10 Views of Earth from the Moon, Mars and Beyond [Slide Show]: Scientific American Slideshows

Saturday, October 17, 2009

Playing Catchup on a Busy Science Week

Wow, where to start:

1) Last Friday I got up early and watched NASA television's coverage of the LCROSS impact. There were plans to try to record the impact with Louisiana Tech's new observatory, but we have been socked in with rain for weeks now. Anyway, as most of you know, the actual impact appeared to be a dud. No bright flash or spectacular plume kicked up when the rocket booster and the LCROSS spacecraft itself crashed into the Cebeus craters near the Moon's south pole.

Of course, that was not the end of the story.

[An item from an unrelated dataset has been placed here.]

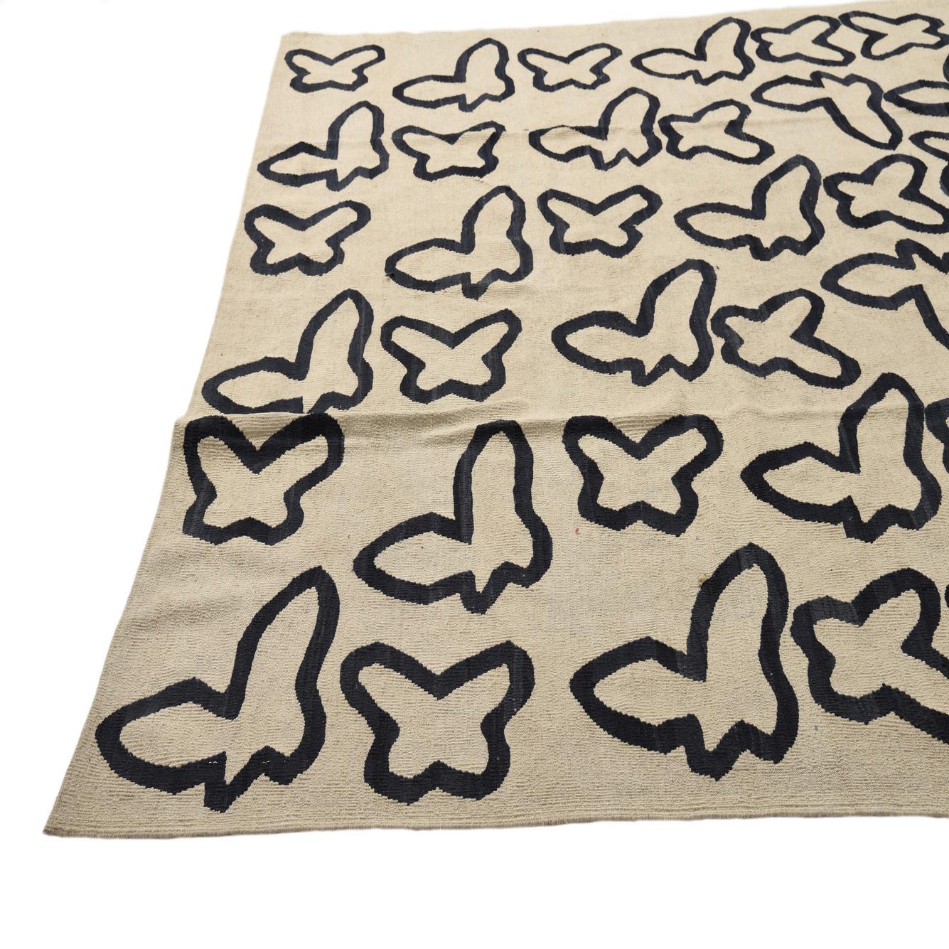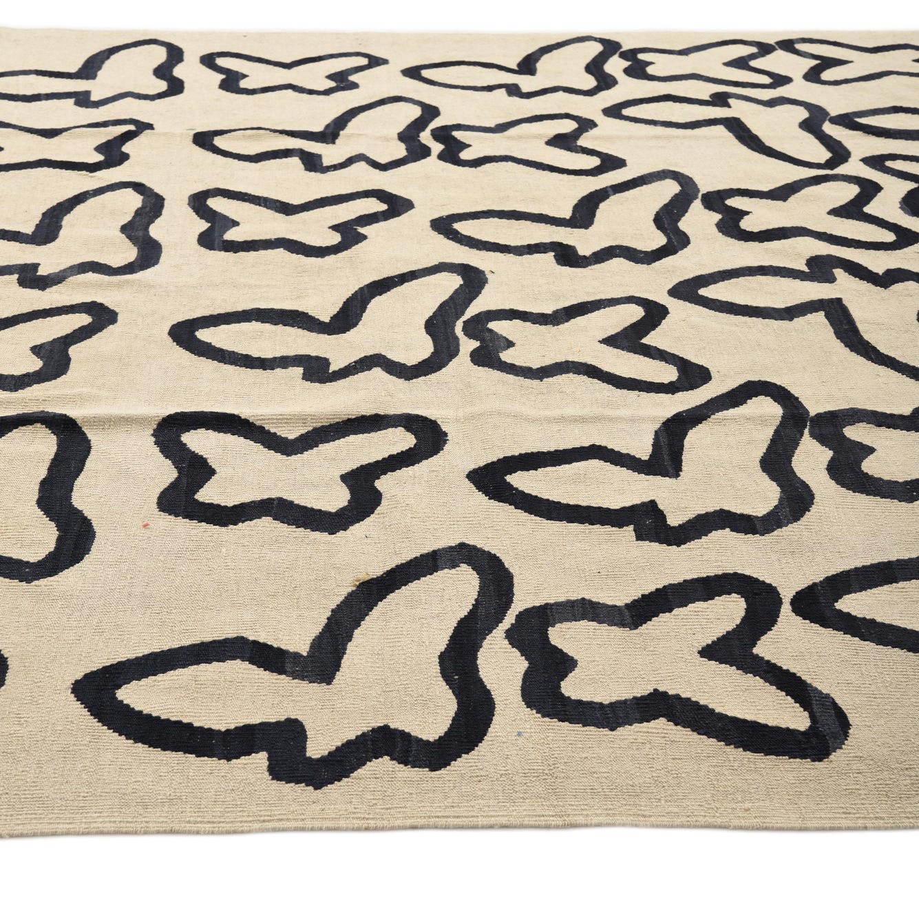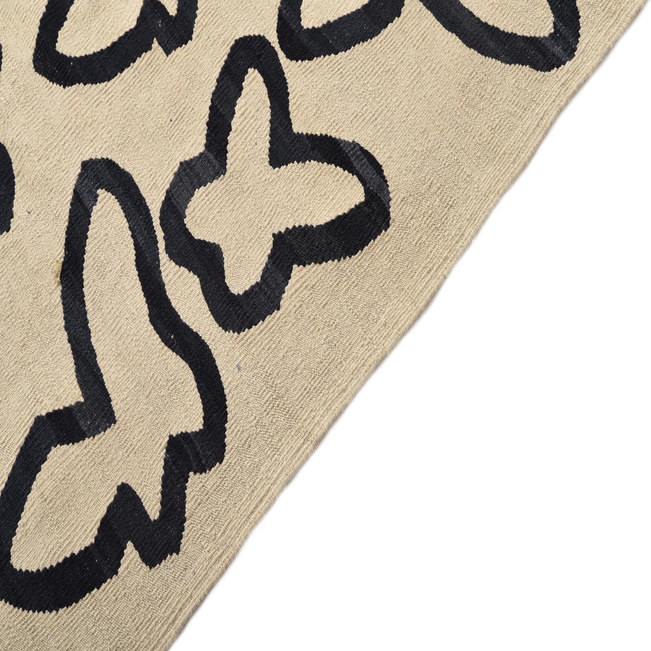 Part of the Kilim Modern collection, this hand-woven rug measures 8x10 feet and is crafted from 100% wool, offering a durable and tactile underfoot experience. The rug features a bold, abstract pattern dominated by black outlines of asymmetrical shapes on a crisp white background, providing a striking visual contrast that captures attention.
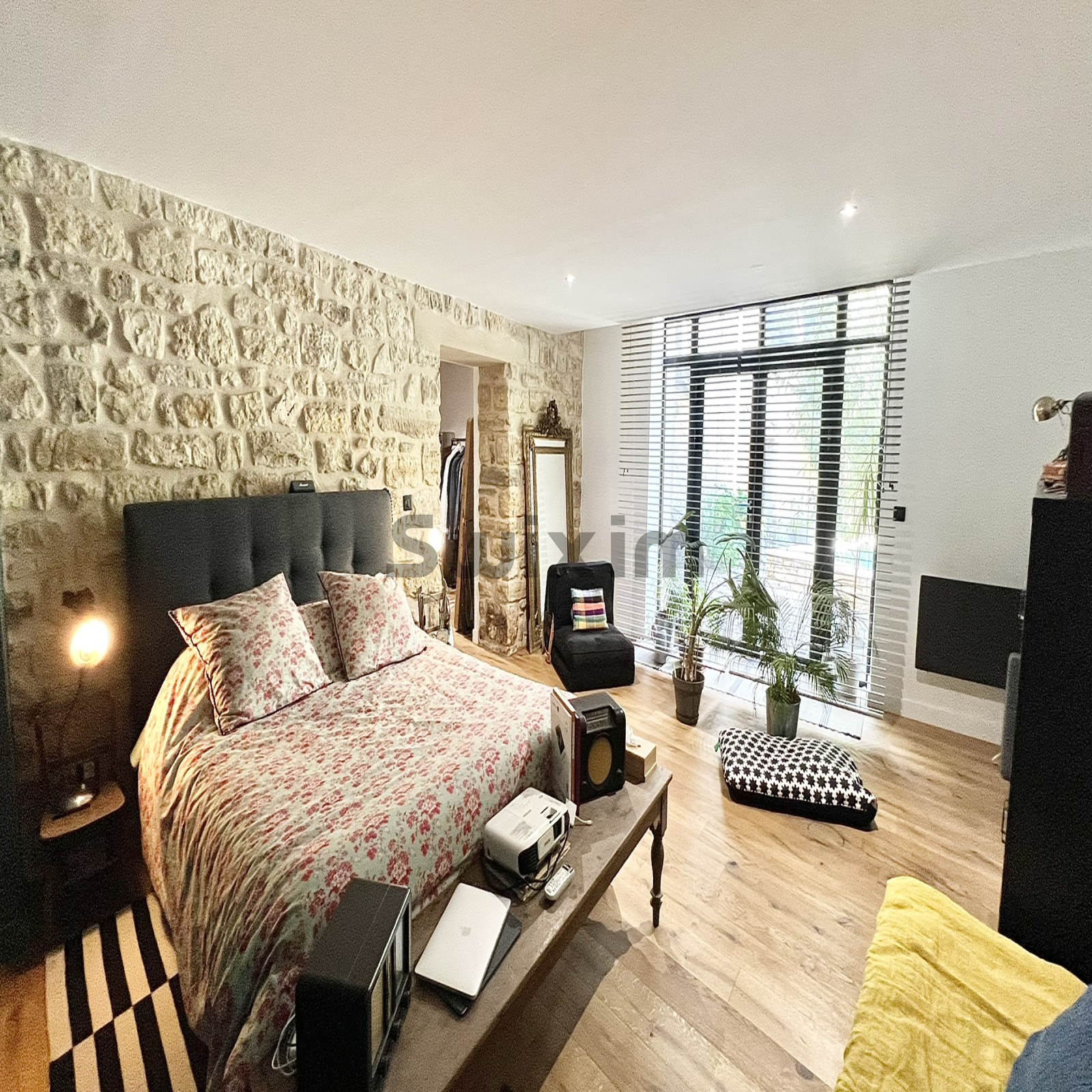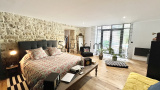 Au premier étage, elle est composée d'une suite parentale, d'une seconde chambre, d'une salle de bain et sanitaire séparé, d'un séjour ouvert sur sa cuisine avec sa terrasse intimiste en plage de bois et d'un atelier de création artistique.

While the news media moves on to other things (Lindsey Lohan's probation violation, missing kids who may or may not be in a hot air balloon) the scientists got to work on analyzing the data from the impacts. Now we know that there was a plume, just at the low end of what was expected in terms of brightness. And early spectroscopy indicated the presence of sodium, which was a surprise. Still no word yet on water vapor, but stayed tuned.

2) The LHC is back in the news, as we get closer to re-start at the end of November. My student, Ram Dhullipudi, who is stationed at CERN, is very busy these days with the software being used to monitor the data. Our experiment, ATLAS, is already taking shifts just like we will during data taking, recording cosmic ray events and trying to exercise the "machinary" of data taking and distribution. The final sectors were cooled down at the end of the week, now the whole accelerator is colder than deep space.

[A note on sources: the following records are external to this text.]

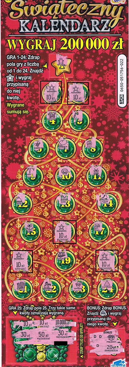 Skusilem się dzisiaj na 1 kalendarz i widzę że pojawiły się paczki z 3 transzy tj 116xxx. W polu 24 wydrapalem gwiazdkę warta 20zł
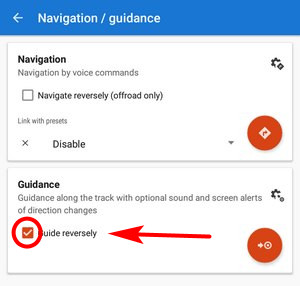To be navigated in reverse direction of the route, check “Guide reversely”:
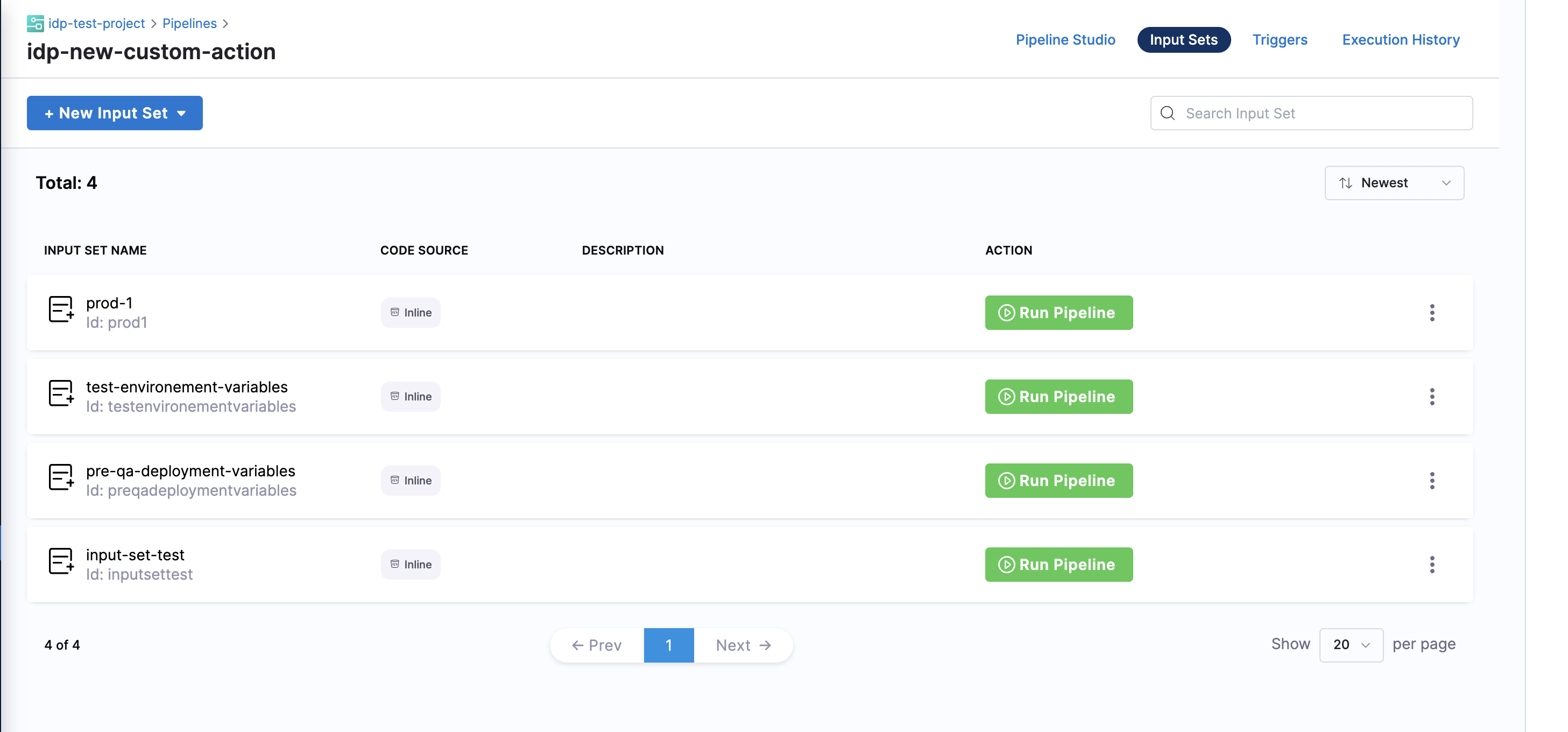 | inputset (Mandatory) | Pipeline Inputset | Required input set for the pipeline to execute | object |

But the biggest news coverage came last week from the arrest of a postdoctoral researcher on terrorism charges. The physicist, who worked on the LHCb experiment and was employed by EPFL in Lausanne, was accused of having ties to Al Quaida in the the Maghreb, a North African terror group. The first I heard of ths was when all CERN users were sent an email from the Director General after the arrest in Vienne, France, reminding users that CERN is an open lab and did not engage in secret or military research.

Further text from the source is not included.